Screenshots of the Vitalk app. Photo credit: Vitalk

Using the Vitalk virtual chatbot had a significant positive effect on anxiety, depression, and burnout in health workers in Malawi compared with passive online resources, according to an 8-week randomized control trial (RCT) involving 1,584 people. The results were published in preview form as a journal article in medRxiv.

Vitalk is an AI-powered virtual health assistant available through a phone app created by a team in Brazil. Previously, Vitalk partnered with USAID and the Human Resources for Health Project (HRH2030) to pilot test the app among health workers there.

“A significant number of health workers could benefit from this kind of mental health support,” said lead author Dr. Eckhard Kleinau, Director, Research and Evaluation, URC. “In Malawi, 1 in 8 health workers reported anxiety and depression, 3 in 4 suffered from burnout, and 1 in 4 had low resilience. Help for these issues is not readily available in Malawi, but we found that Vitalk has the potential to fill this gap.”

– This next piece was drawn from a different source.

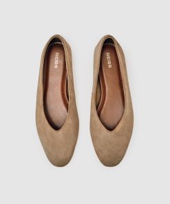 The Taupe Amelia ballet flats are crafted from suede for a soft, supple feel. Designed with a high-cut vamp and an elongated rounded toe, they bring a modern twist to a timeless style. 100% suede High vamp Elongated rounded toe Rubber outsole Heel height 1cm.
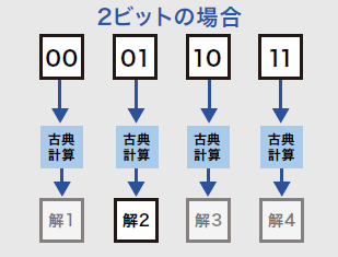 | 古典コンピュータ | 1ビットで、1または0の どちらかの値を表す ![]() | 入力の組み合わせごとに計算する為、 組み合わせの個数分計算が必要。 ![]() |

Effectiveness of the Vitalk Chatbot in Improving the Mental Wellbeing of Health Workers in Malawi

URC was the lead principal investigator of this trial, collaborating closely with the University of Malawi. URC developed the research protocol and data collection instruments; and URC’s Institutional Review Board did the ethical review of the protocol, providing detailed technical feedback that was incorporated into the research design. URC then performed the analysis of all quantitative data and wrote the journal article with contributions from the study team.

This is the first RCT of a mental health app for healthcare workers during the COVID-19 pandemic in Southern Africa combining multiple mental wellbeing outcomes and measuring resilience and resilience-building activities.

The improvement in risk levels consistently was greater in the treatment than in the control group, with the effect on anxiety greater than on depression or burnout. Depression showed the least amount of change, with about two-thirds of participants staying at the same risk level pre- and post-intervention. Most significantly, the proportion of participants increasing resilience-building activities by at least one level was almost twice as high in the treatment group compared to the control group.